Legal Alerts Sep 25, 2015

Redevelopment 2.0... This Time for Real!

AB 2 Appears to be the Long-Awaited Redevelopment Replacement Law

Redevelopment 2.0... This Time for Real!

Since the demise of redevelopment in 2012, and the assurance of a “replacement” by Gov. Jerry Brown, we have been waiting. We saw valiant efforts by Sen. Darrell Steinberg and Assemblyman Luis Alejo in each of the proceeding years to bring “Redevelopment 2.0,” only to see these efforts vetoed or die on the Senate floor year after year.

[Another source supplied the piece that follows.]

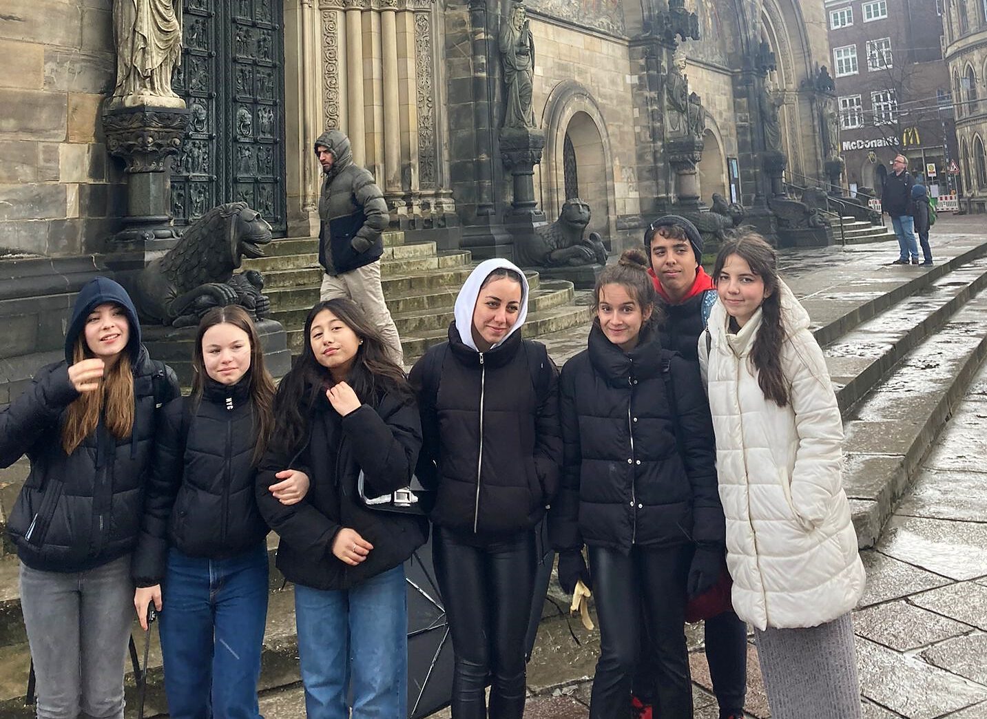 Am ersten Tag durften die Spanier:innen zum ersten Mal mit uns in die Schule und es erfolgte eine Begrüßung durch Herrn Scherler in der Bibliothek. Daraufhin führten wir in Kleingruppen einen Schulrundgang für die Spanier:innen durch. Diese berichteten später, dass sie von den einzelnen und verschiedenen Räumen sowie von der Größe unseres Goethe-Gymnasiums begeistert waren. Um 10 Uhr unternahmen sie schließlich eine Stadtführung in der Innenstadt. Später kamen die Deutschen Austauschpartner:innen dazu, um mit den Spanier:innen das berühmte Miniatur Wunderland zu besichtigen. Unseren Abend durften wir, wie alle Abende, frei gestalten. Viele Schüler:innen gingen mit ihren Austauschpartner:innen auf den Hamburger Dom – der perfekte Adrenalinkick für alle!

The Community Revitalization and Investment Authority Law (AB 2), authored by Alejo and signed by Brown this week, appears to be a true “redevelopment replacement.” It will allow a city, county, or city and county (with a Department of Finance Finding of Determination) or a city, county, or special district — or any combination of these via entering into a joint powers agreement — to establish a Community Revitalization and Investment Authority in specified disadvantaged communities (as discussed below) and ensure that 25 percent be set aside for affordable housing. School districts, however, are prohibited from establishing a CRIA.

The stated intent of AB 2 is to “invest property tax increment revenue to relieve conditions of unemployment, reduce high crime rates, repair deteriorated or inadequate infrastructure, promote affordable housing and improve conditions leading to increased employment opportunities.” That is accomplished by the ability to establish a CRIA composed of members of a public agency and at least two public members, and to adopt a “community revitalization plan” within a CRIA area. In addition, any city, county or special district that collect ad valorem property tax from property located with the CRIA area may adopt a resolution to allocate its share of property tax increment to the CRIA. A school district may not allocate its property tax increment to the CRIA.

The CRIA and community revitalization plan are deemed to comply with section 16 of Article XVI of the California Constitution, which is significant for the issuance of debt secured by property tax increment revenues.

The CRIA area must include at least 80 percent of land that has an annual household income that is less than 80 percent of the statewide annual median income, as well as three of the following four criteria further defined in the statute: (1) unemployment (at least 3 percent higher than statewide median); (2) crime rates (5 percent higher than statewide median); (3) deteriorated or inadequate infrastructure; or (4) deteriorated commercial or residential structures, including a former military base.

The authority of the CRIA largely mirrors the authority of former redevelopment agencies outlined in the redevelopment law, including real property acquisition by eminent domain within 12 years from the adoption of the community revitalization plan. There are areas of assistance specifically prohibited, such as assistance to an automobile dealership, property used for gambling or development of undeveloped land.

Additionally, a minimum of 25 percent of all tax increments allocated to the CRIA must be deposited into a separate low- and moderate-income housing fund and used solely for the purpose of increasing, improving and preserving the community’s supply of affordable housing. These funds must be spent in the CRIA area from which they were generated. Funds may be used for many purposes of the former redevelopment law. These funds must be expended over each 10-year period of the community revitalization plan, although there are shorter time requirements for expenditure of funds that qualify as “excess surplus.” Rental units assisted by the CRIA must remain affordable for at least 55 years. Owner-occupied units must remain affordable for at least 45 years.